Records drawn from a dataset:
*** Block opens ***
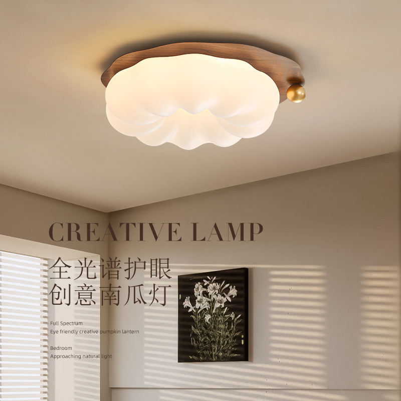 中世スタイルのカボチャの寝室の天井ランプフレンチクリーム目の保護子供部屋ランプレトロなクルミ木目ルームランプ
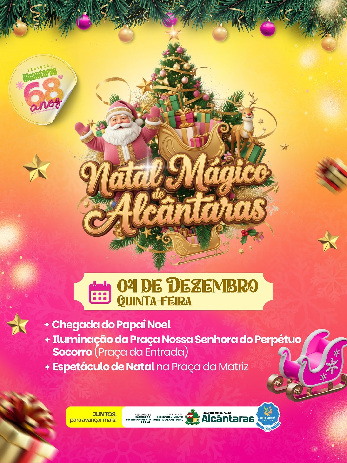 O Governo Municipal de Alcântaras, por meio da Secretaria do Desenvolvimento Turístico e Cultural e da Secretaria de Inclusão e Desenvolvimento Social, convida toda a população para vivenciar a magia do Natal Mágico de Alcântaras 2025. 😍
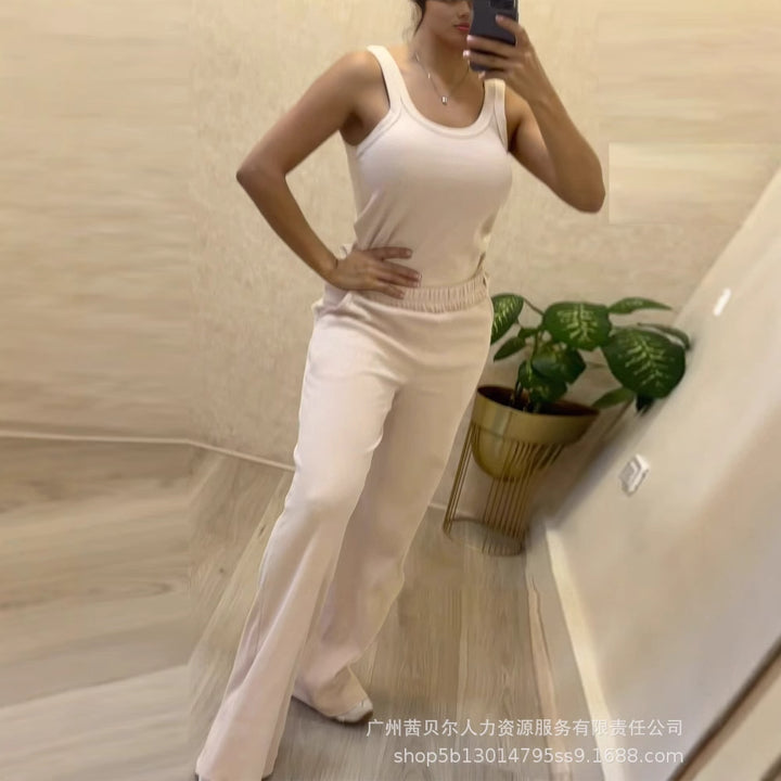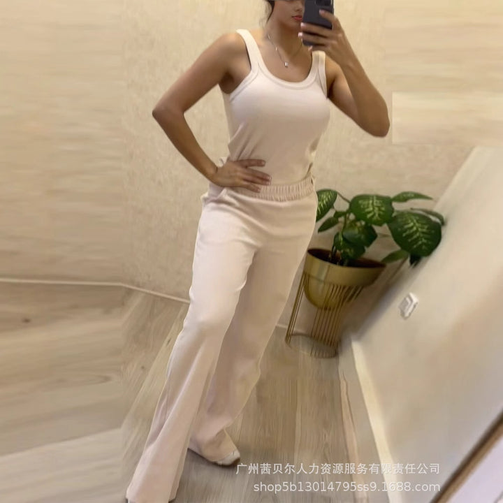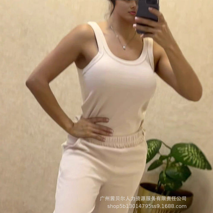 ODF4155 new solid color pit strip sleeveless commuter and leisure set 2-piece set
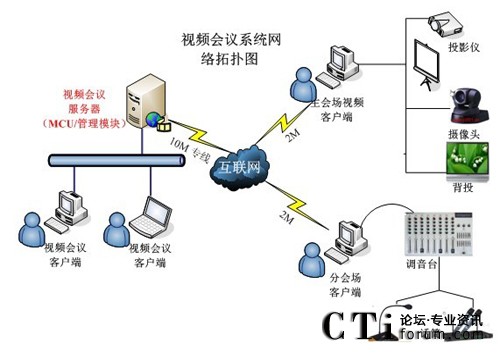 根據(jù)河南送變電建設(shè)公司的網(wǎng)絡(luò)現(xiàn)狀和現(xiàn)有的IT硬件資源以及各級各部門間的溝通協(xié)作需要,視維設(shè)計(jì)了一套可行的視頻會(huì)議系統(tǒng)解決方案,其網(wǎng)絡(luò)拓?fù)鋱D如下:
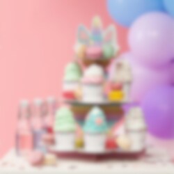 Creëer magie op je feest met deze eenhoorn cupcakestandaard! Met drie lagen en een sprookjesachtig eenhoornontwerp is het een betoverende toevoeging aan de desserttafel. Perfect voor muffins, cupcakes of andere lekkernijen. De standaard is 41 cm hoog en 34 cm breed en geeft elke eenhoorn-thema party een magische uitstraling!
*** Block closes ***
• Aim of the exercise: Exactly repeat only the lines from the one with "O Governo Municipal" to the closing line above, both included, and omit every picture.

• Your solution:
 O Governo Municipal de Alcântaras, por meio da Secretaria do Desenvolvimento Turístico e Cultural e da Secretaria de Inclusão e Desenvolvimento Social, convida toda a população para vivenciar a magia do Natal Mágico de Alcântaras 2025. 😍
 ODF4155 new solid color pit strip sleeveless commuter and leisure set 2-piece set
 根據(jù)河南送變電建設(shè)公司的網(wǎng)絡(luò)現(xiàn)狀和現(xiàn)有的IT硬件資源以及各級各部門間的溝通協(xié)作需要,視維設(shè)計(jì)了一套可行的視頻會(huì)議系統(tǒng)解決方案,其網(wǎng)絡(luò)拓?fù)鋱D如下:
 Creëer magie op je feest met deze eenhoorn cupcakestandaard! Met drie lagen en een sprookjesachtig eenhoornontwerp is het een betoverende toevoeging aan de desserttafel. Perfect voor muffins, cupcakes of andere lekkernijen. De standaard is 41 cm hoog en 34 cm breed en geeft elke eenhoorn-thema party een magische uitstraling!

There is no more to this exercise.